Token Meter

Token Meter vs ccusage

Both projects read the JSONL logs Claude Code and Codex already write and turn them into usage numbers — this is a use-case comparison of what each one does with that data, not a ranking. Where a claim about ccusage couldn't be verified against its published docs, it's marked as such below rather than guessed at.

Last reviewed: 2026-07-15 — feature sets and pricing on both projects change; check the linked repos for the current state.

ccusage is an MIT-licensed CLI by ryoppippi for reporting token usage and estimated cost across a broad set of coding-agent CLIs. Its guide describes daily / weekly / monthly / session reports, JSON export, a 5-hour billing-block view, a beta statusline integration, and a separate @ccusage/mcp package.

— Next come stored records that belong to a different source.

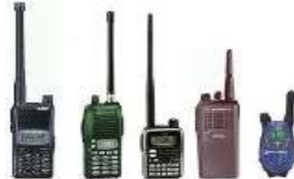
Gambar HT ( handy talky )

(HT) ada yang mengalami kerusakan dapat segera diganti dengan handy talky (HT) baru, sehingga pelaksanaan dinas jaga tetap berjalan dengan optimal.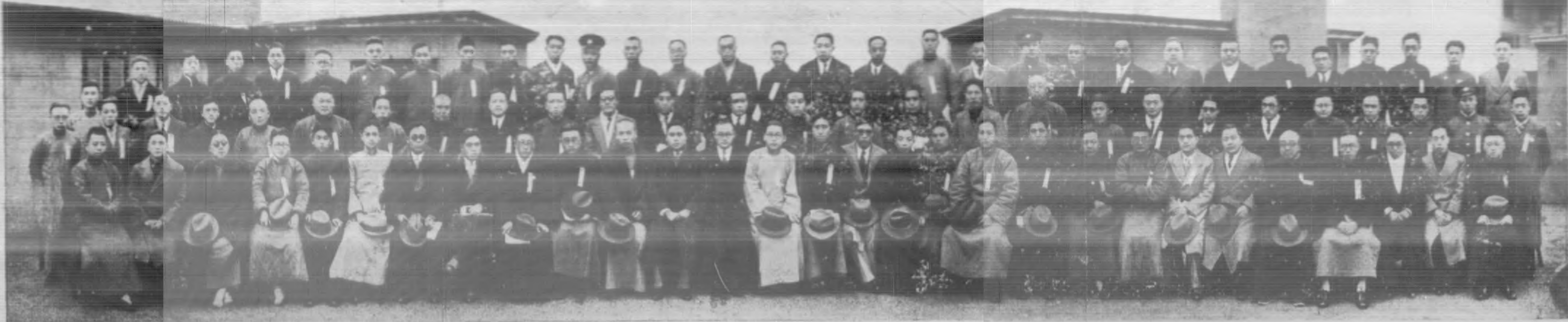
▲中華民國全國郵務總工會第三次全體大會代表全體攝影（廿五年三月十五日上海）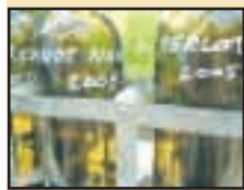
Les vins romands sont réussis. AJT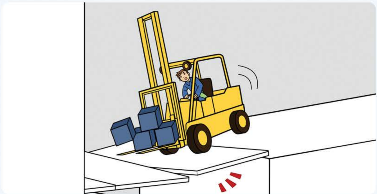
Besondere Vorsicht auf Rampen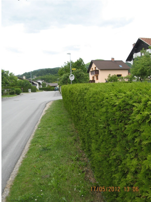
Slika 4: Ovirana preglednost ob občinski cesti.

V okviru varstva cest in udeležencev cestnega prometa smo pregledovali tudi razraščeno živih mej in drugega rastlinja v varovalnih pasovih občinskih cest. Prav tako smo sodelovali pri prometnih ureditvah, podajali smo predloge in pripombe na odvečno, pomanjkljivo ali neustrezno prometno signalizacijo, ki smo jo pri opravljanju vsakodnevnih nalog opazili.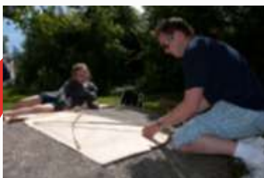
13:20 Dragebygging på Roa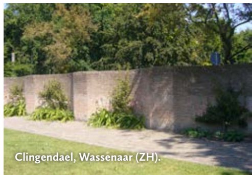
Clingendael, Wassenaar (ZH).

Dorpstraat 51, 3461 CR Linschoten Nu erfscheiding. 18e eeuw. Plaatselijk bekend als abrikozenmuur. Zonder leifruit. Vrij toegang.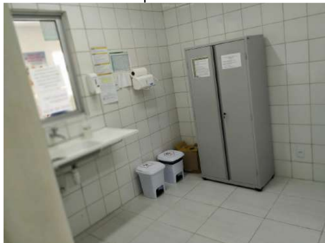
27.14. Ponto de Apoio - Sala de Vacina 03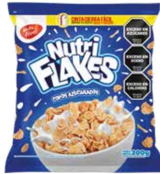
442 Copos Azucarados 20u x 200g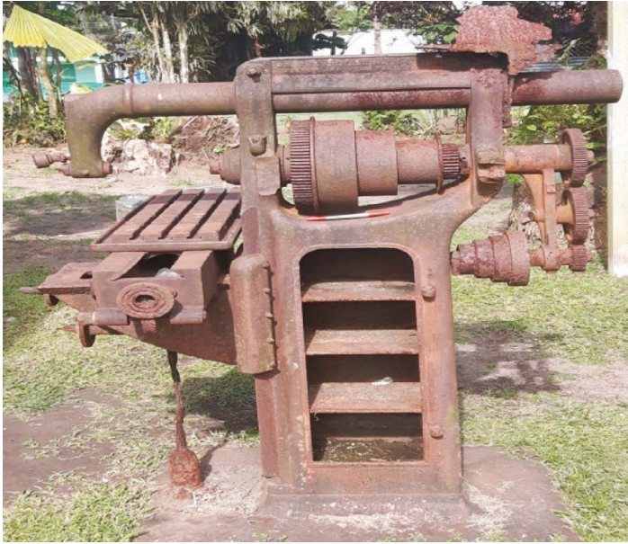
Figura 6. Brainard Milling Machine localizada en Tortuguero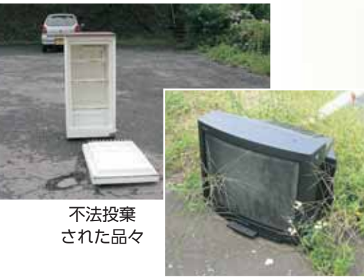
不法投棄された品々

ごみ(廃棄物)を河川や山林、空地、道路わきの茂みなどに捨てる事例が後を絶ちません。法人などの事業活動に伴い出る産業廃棄物はもちろん、私たちの生活から出る一般廃棄物であつてもみだりに捨てることは廃棄物処理法で禁止されています。 この法律に違反してごみを捨てた場合、法人などの場合は3億円以下の罰金、個人の場合は5年以下の懲役もしくは100万円以下の罰金が科せられます。 市内でしばしば見かけられる次の事例も、ごみの不法投棄にあたりますので、絶対に止めてください。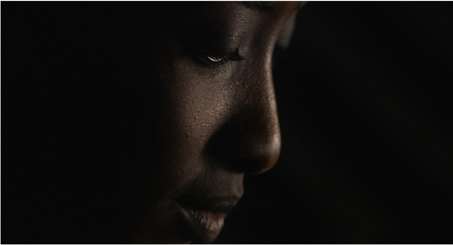
Easy Lessons - Könnyű leckék Dorottya Zurbó, 2018, 78 min.

"Easy Lessons" on runollinen matka kauniista, nuoresta tytöstä, Kafiasta, joka aikuisuuden kynnyksellä eroaa kaikesta siitä, minkä kanssa hän kasvoi Somaliassa. Kulttuuriset arvot, tabut ja dogmit hajoavat mitä sattumanvaraisimmissa tilanteissa, kun hän yrittää sopeutua uuteen elämään Euroopassa, Unkarissa. Hänen äitinsä auttoi häntä pakenemaan kohtalooaan, mutta miten hän voi selittää läpi elämäänsä muutoksia rakkaimmalleen? Hän haluaa tehdä sen velvollisuudentunnosta tai ylönousemuksen halusta, mutta miten... Tästä sisäisestä kamppailusta tulee itse elokuva ja ehkä ainoa tunnustuksen muoto.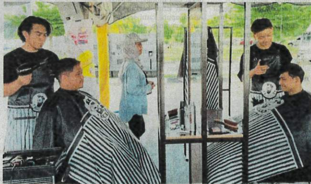
PELATIH Giat Mara Alor Setar turut menyediakan perkhidmatan gunting rambut Rahmah RM5 seorang sepanjang tiga hari karnival berlangsung.

zoo yang disediakan di sini. "Seronok jugak dapat tengok sendiri barangan keluaran usahawan sekali dapat membantu peniaga menjana pendapatan," katanya.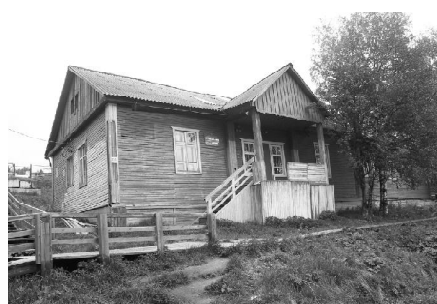
Здание аптеки №4 Построено в декабре 1959 г.

Со временем функции расширились, увеличились и штаты. В аптеке изготавливали и отпускали лекарства для населения, лечебно-профилактических учреждений, принимали заказы на очки,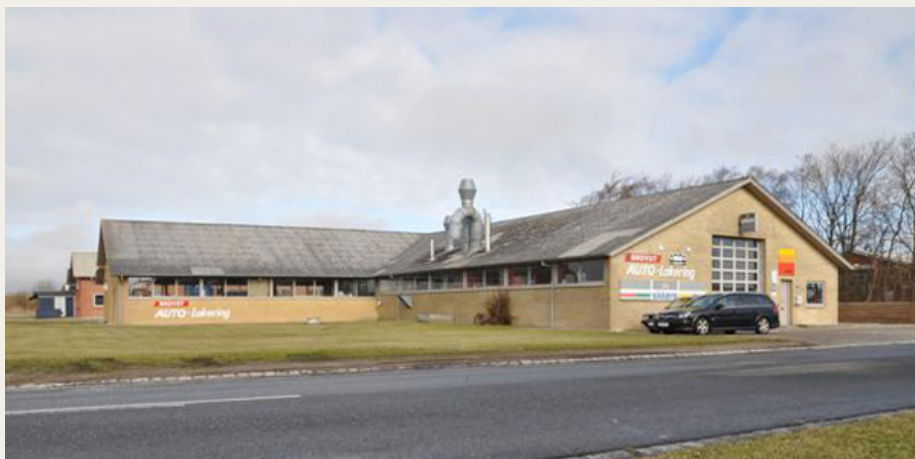
Den 13. april skal vi på besøg hos Brovst Autolakering, Industrivej 1, 9460 Brovst.

Skovsgaard Hotel er en socialøkonomisk virksomhed, der i mange år har videreført det gamle jernbanehotel, men på nogle helt andre menneskelige og økonomiske vilkår. Skovsgaard Hotel fungerer som arbejdsplads på særlige vilkår for mennesker, der af forskellige grunde ikke har kunnet få fodfæste på det almindelige arbejdsmarked. For yderligere oplysninger se www.skovsgaardhotel.dk . Vi forventer tidsmæssigt at ankomme til Skovsgaard Hotel så vi kan være klar til at nyde en dejlig 3-retters menu i hotellets restaurant kl. 19.30. Der er parkeringsplads lige ved siden af hotellet. Der bliver som forret serveret Skorzonerrod med vinaigrette og pocheret æg, som hovedret serveres der smørstegt rødspætte med smørsovs, og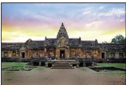
ปราสาทเขาพนมรุ้ง

อาจอนุมานได้ว่าดินแดนในเมืองพระนครกับนครรัฐไทยในอดีตอาจเป็นบ้านเมืองร่วมกัน ไม่ใช่เมืองส่งบรรณาการหรือประเทศราชที่ได้มาจากการรุกรานด้วยกำลังทหาร อีกทั้งคงไม่มีใครไปลงทุนก่อสร้างปราสาทขนาดใหญ่ในพื้นที่ซึ่งไม่ใช่ของตนเอง แม้แต่กรณีศึกษาสยามประเทศสมัยต้นรัตนโกสินทร์ได้ปกครองอาณาจักรล้านช้าง (ลาว) และอาณาจักรล้านนารวมถึงเขมรมาเป็นประเทศราชแต่ไม่พบการก่อสร้างขนาดใหญ่รวมถึงก่อสร้างวัดสำคัญในประเทศเหล่านั้น ที่กล่าวนี้เป็นเพียงข้อสันนิษฐานส่วนตัวขาดหลักฐานบ่งชี้ทางวิชาการ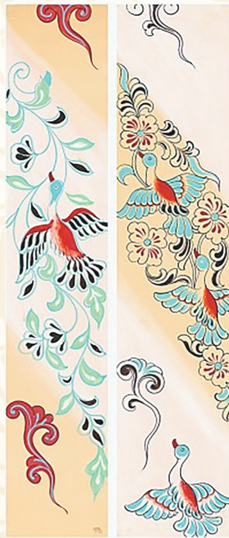
晚唐丝绸上的花鸟纹。

这样,我们把地宫出土的直领对襟团窠纹长衫(袍)(T68-D/B1-D)确定为缵绫浴袍,同时也就确定了这件上衣的面料团窠缵绫纹样为缵绫,这也正与唐穆宗长庆四年(824年)李德裕上《缵绫状》中提及的“可幅缵绫”相合。

Token Meter (this project) ingests Claude Code and Codex JSONL logs into a local SQLite database and layers a session / tool / MCP-server efficiency audit on top — the audit command, the dashboard's tool breakdown, and four read MCP tools. See this repo's README and docs/audit.md for the source of the claims below.

Use-case comparison

Dimension ccusage Token Meter
Primary use case Usage / estimated-cost reporting CLI across many coding-agent CLIs. Local dashboard + MCP server for Claude Code and Codex, with a session / tool / MCP-server efficiency audit layered on the same ingested data.
Supported sources Per its README: Claude Code, Codex, OpenCode, Amp, Droid, Codebuff, Hermes Agent, pi-agent, Goose, OpenClaw, Kilo, Kimi, Qwen, GitHub Copilot CLI, and Gemini CLI (15 listed). Ingests Claude Code (~/.claude/projects/) and Codex (~/.codex/sessions/) JSONL logs. A separate proxy command captures TTFT/TPS from a locally-run OpenAI-compatible model (e.g. Ollama, LM Studio, llama.cpp, vLLM) — a different mechanism from log ingest.
Data handling Its README states the tool runs "100% Local," that "Your usage data never leaves your computer," and that it reads files without modifying them. Stores parsed data in a local SQLite file (~/.tokenpulse/usage.db). Per this repo's README, no prompt or response bodies are stored by default — metadata (timestamps, token counts, tool names, response lengths) is all that's kept — and it makes no network calls to either vendor's API.
Audit depth Documents usage/cost tables (daily, weekly, monthly, session, 5-hour blocks) with a per-model --breakdown flag. Its published docs don't describe an anomaly- or waste-flagging feature as of this review. token-meter audit runs six detectors over ingested history — expensive sessions, oversized tool responses, slow tools, repeated calls, cache waste, and a high-cost-model usage signal — ranked by cost and confidence, with terminal and --json output. Findings are worded as neutral observations for a human to review, not verdicts.
Per-tool / MCP-server breakdown Not documented in its guide as of this review. Tracks tool_name, mcp_server, response size, and latency per call. No call arguments are stored beyond a lowercased file extension when a tool call touched a file path — never the path itself or any other input field.
Output modes Terminal tables, JSON export, a 5-hour billing-block live view, a beta statusline integration, and a separate @ccusage/mcp server package (reported to mirror the daily / monthly / session / blocks commands over MCP). Terminal tables (stats, subagents, local, audit), --json audit export, a local web dashboard (servehttp://localhost:8765), and an MCP server (mcp) exposing four read tools: usage_summary, recent_sessions, session_tools, refresh_data.
Cost-figure disclaimer Its docs state costs "are estimates and may not reflect actual billing." This repo's README states cost figures are estimates computed locally from token counts × a published per-model rate table, and are not validated against an actual Anthropic / OpenAI invoice.
License MIT. MIT for the CLI, dashboard, and parsers. Pro-tier features ship in a separate package under a closed-source license.